— Наречие «божественно» относится к Богу, а не к хоккею.
Они стояли на тенистой липовой аллее, рядом с каменной скамьей, примостившейся под крашенным деревянным распятием.
— Если же вы обладаете таким избытком любви, лучше обратите ее на Него. — Она указала на поникшую фигуру на кресте и собиралась продолжить путь, когда заметила навернувшиеся у Хайди на глаза слезы. Она поколебалась и закончила более ласковым голосом:
— Это самый лучший methode… У вас есть прекрасные английские переводы псалмов. — Старательно выговаривая слова, она продекламировала: — Му soul thirsteth for thee, my flesh also longeth for thee in a dry and lonely land, where no water is [5]… Поразмысли над этим. — Ее хорошенькие губки, юные, но уже цвета подвядших розовых лепестков, сложились в подобие улыбки: — Это самый лучший methode. — Она кивнула, повернулась и зашагала прочь по аллее.

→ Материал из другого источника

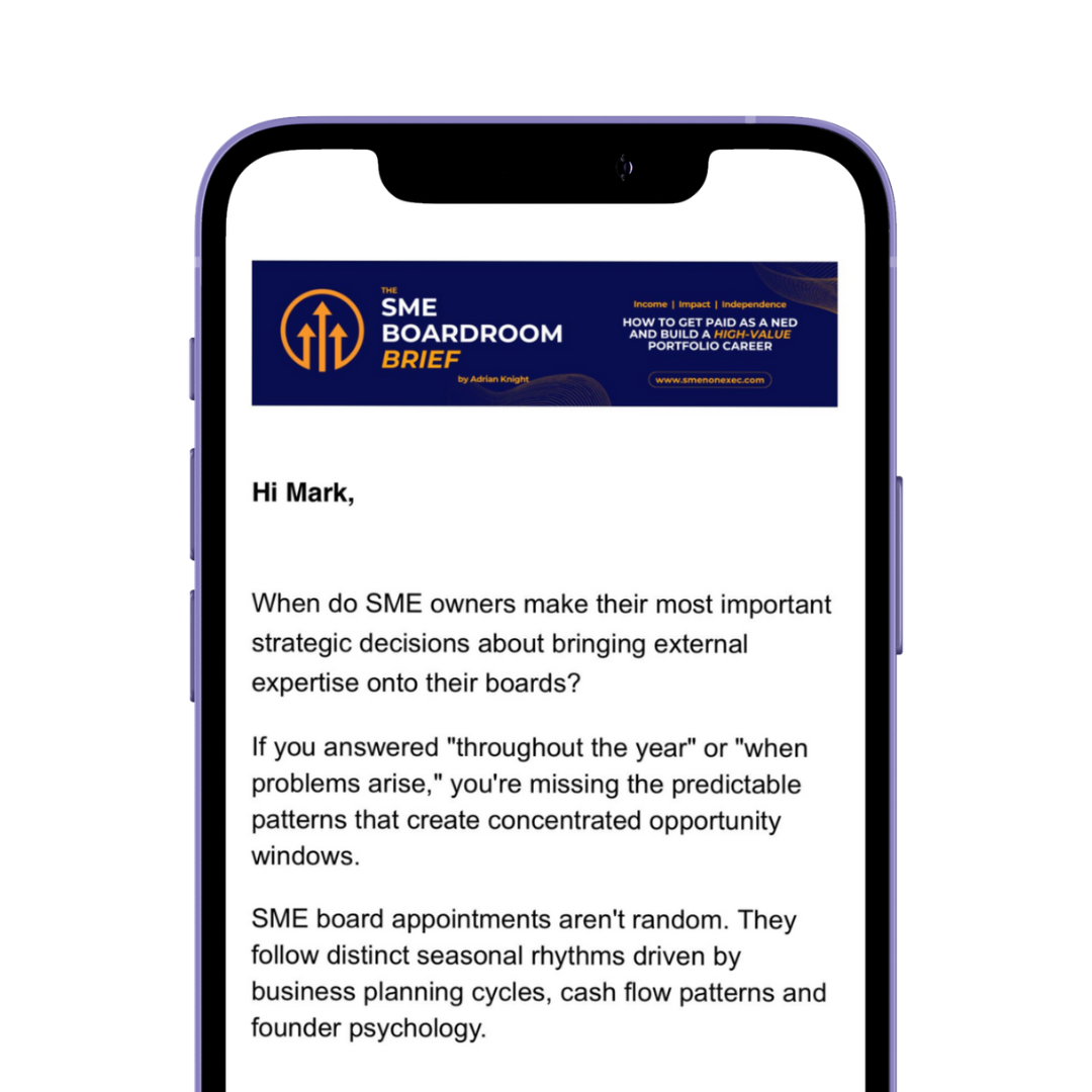 SME Non-Exec exists to solve that problem. We give you the roadmap, the positioning, the outreach system and the accountability to build a portfolio career that works... combining paid NED appointments, advisory roles, consulting and fractional leadership with ambitious, growing SMEs.

Хайди оглянулась на деревянную фигуру на кресте. Она была очень старой, так что даже растрескался череп; трещины напоминали страшные раны, словно над телом измывались до сих пор. Чем больше Хайди всматривалась в Христа, тем больше ей начинало казаться, что в любую минуту гвозди, удерживающие руки на перекладине, могут перестать выдерживать вес тела, и оно рухнет на землю, покрытую гниющими осенними листьями. В тех местах, где гвозди пронзали ладони, дерево и впрямь стало совсем трухлявым, словно раны разъела безжалостная гангрена. Пальцы не были плоскими, стилизованными; наоборот, они отчаянно корчились в воздухе, словно от непереносимой боли. На лице лежала печать безнадежного мученичества, которому не видно конца. Хайди почувствовала, как внутри у нее все переворачивается от спазм жалости при виде столь кошмарных физических мук. Ее обдало горячей волной, стеклянная клетка не выдержала жара, и уже через мгновение в ее памяти вспыхнули, как наяву, два ярчайших воспоминания. Сперва она вспомнила, как год тому назад у них в гостиной производили генеральную уборку; служанка сняла с дивана ситцевое покрывало, и на свет появилась истертая обивка, вся смятая, в дырах, с торчащими наружу клочьями конского волоса; Хайди сделалось до того жалко старого дивана, оставшегося без одежд, что она расплакалась. Следом явилась та ночь, когда мать неожиданно опустилась перед ее кроваткой на четвереньки и разодрала белое шелковое платье от колена до бедра, оголив бледную, поросшую волосами кожу. Тогда Хайди знала лишь одно — свой испуг; теперь же до нее дошло, что она испытала тогда не только ужас, но и жалость к матери с ее болезненной плотью.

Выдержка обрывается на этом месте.